I did my best to personalize the old place. After my dad put in new blue and white tiles in the bathroom I, while sitting on the throne one day, playing some strange adventure in my head of military glory, used a pencil to draw a radar station on the tiles. Unfortunately, when I tried to erase it after I finished, I found that the radar station refused to disappear. The house had apparently decided to keep the ghost of it, somewhat like an old tattoo on a retired sailor that is kept as a story to tell the neighbors of days gone by. I actually think the old girl kept it as a means of torturing me for defacing it, waiting for someone to discover it and give me holy hell for messing up the new tile.

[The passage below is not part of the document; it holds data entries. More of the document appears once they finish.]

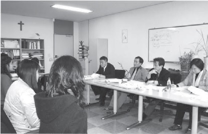 △3월 25일 오후 3시 모교 학생회관내 학생문화처에서 ‘서강 커리어 멘토링’에 참여할 재학생 멘티 선발 면접이 열렸다. 면접관에는 정명숙 총동문회 사무국장, 정훈 총동문회 부회장, 우찬제 학생문화처장, 유희석 취업지원팀장(사진 오른쪽부터) 등이 참여했다.
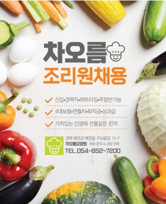 [차오름][채용공고]조리원 상시채용 - 별도문의 - 연말포상 - 장기근속수당지급 대표문의 054-652-7200, 7272 |
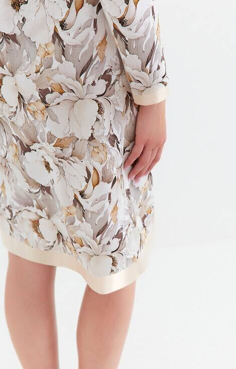 Дамска риза от висококачествен памук с флорален мотив. Изключително приятен за кожата. Ръкавите и долната част на тениската са гарнирани със сатен.
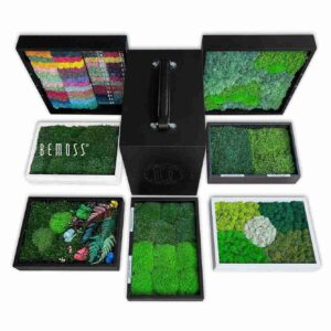 Die gesamte Premium Moos-Musterbox ist in einem robusten und praktischen Koffer mit Tragegriff untergebracht, wodurch sie leicht zu transportieren ist und sich ideal für persönliche Präsentationen beim Kunden eignet. Sie richtet sich insbesondere an Unternehmen, Architekten, Innenarchitekten, Projektentwickler und Geschäftspartner von BEMOSS®, die einen vollständigen Überblick über alle verfügbaren Materialien benötigen.
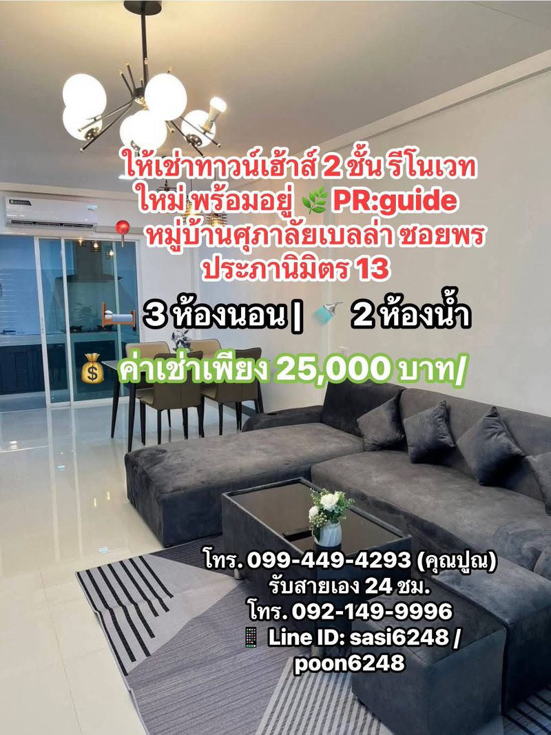 #ให้เช่าทาวน์เฮ้าส์ 2 ชั้น รีโนเวทใหม่ พร้อมอยู่ PR:guide หมู่บ้านศุภาลัยเบลล่า ซอยพรประภานิมิตร 13 ทำเลดี ใกล้ตลาด ใกล้มอเตอร์เวย์ เดินทางสะดวก 3 ห้องนอน 2 ห้องน้ำ รีโนเวทใหม่ทั้งหลัง เฟอร์นิเจอร์ + เครื่องใช้ไฟฟ้า ใหม่ทุกชิ้น รปภ.ดูแลตลอด 24 ชม. ไม่รับสัตว์เลี้ยง ค่าเช่าเพียง 25,000 บาท/เดือน สัญญาขั้นต่ำ 1 ปี มัดจำ 2 เดือน (50,000 บาท) + ล่วงหน้า 1 เดือน (25,000 บาท) รวมจ่ายก่อนเข้าอยู่: 75,000 บาท รายการของแถม + สิ่งอำนวยความสะดวกครบครัน: แอร์ 3 เครื่อง เตียง + ตู้เสื้อผ้า + โต๊ะเครื่องแป้ง 2 ชุด ชุดโซฟา ทีวี 55 นิ้ว + ชั้นวาง ชุดโต๊ะอาหาร ตู้เย็น 2 ประตูขนาดใหญ่ เครื่องซักผ้า 15 กก. เครื่องทำน้ำอุ่น เตาแก๊สฝัง + เครื่องดูดควัน + แก๊สเต็มถัง ไมโครเวฟ แท้งค์น้ำ + ปั๊มน้ำ ฟรี! ค่าล้างแอร์ทุก 6 เดือน ฟรี! ค่าส่วนกลาง For more information, please contact ======= สนใจติดต่อ&ข้อมูลเพิ่มเติม โทรสายตรง รับสายเอง24ชม. สอบถามข้อมูลเพิ่มเติม / นัดดูห้อง โทร. 099-449-4293 (คุณปูณ) รับสายเอง 24 ชม. โทร. 092-149-9996 Line ID: sasi6248 / poon6248 #จบเคสง่าย #ปิดเคสไว #บริการจริงใจ #ใส่ใจทุกเคส #EasyRichProperty By คุณปูณ #รับฝากเช่า #ฝากขาย #บ้าน #คอนโด #ที่ดิน #บ้านให้เช่าสุภาลัยเบลล่า #ซอยประภานิมิตร #บ้านรีโนเวท #บ้านพลูวิลล่า #อสังหาริมทรัพย์ #พัทยา #แหลมฉบัง #ศรีราชา #ชลบุรี #กทม ยินดีให้บริการ

Never happened, though; I never figured out if my parents noticed and just decided not to bring it up (knowing I was a little bit wacky) or if it was just so small and nondescript that they never saw it.

There was an indescribable nature to the old place that resurrected itself everytime I came home, whether from school, my job at the local movie theatre, from college, law school and finally with my own family from North Florida. It just felt the same. The smell was there, slightly musty and dusty, while the mugginess of the un-air conditioned air hung around like a damp towel in a lockerroom. The ritual of walking lightly on my toes continued for years after my parents complained that I made too much noise tromping around on my heels as a child on the wooden floor (since the house floor was not a slab, any tromping on the planks would make a noise that reverberated in the tiny place), a habit that has stuck with me in every place I've lived in ever since. Whenever I walked into the old homestead in Sarasota, no matter how many years later, while my parents were there, it just was always the same.

It was the same until my father died in late 2000 and my mother moved out, later to die in a nursing home in 2002. That's when the soul of the place died. It had something to do with my brother and I moving all the furniture out, mostly to a dumpster, and seeing the bare walls, empty of pictures and awards (mostly for exhibits at gem & mineral shows), hearing the sounds bouncing off the naked floors (after the remnants of ancient, dusty carpet were relegated to the dumpster) and the lack of cooking smells coming from the kitchen. The TV wasn't running, I didn't have to turn sideways to move through the hallway to avoid all the shelves holding long-forgotten artifacts and magazines collected over the years and there wasn't the odd tinkling of odds and ends of small things in mason jars and old vegetable cartons from supermarkets tapping together from the vibrations of footsteps. All the things and people that had made it our home, my home, were no longer there. The only thing that was a reminder that it had been my home, besides the memories, was the ghost of the radar station on the bathroom tile.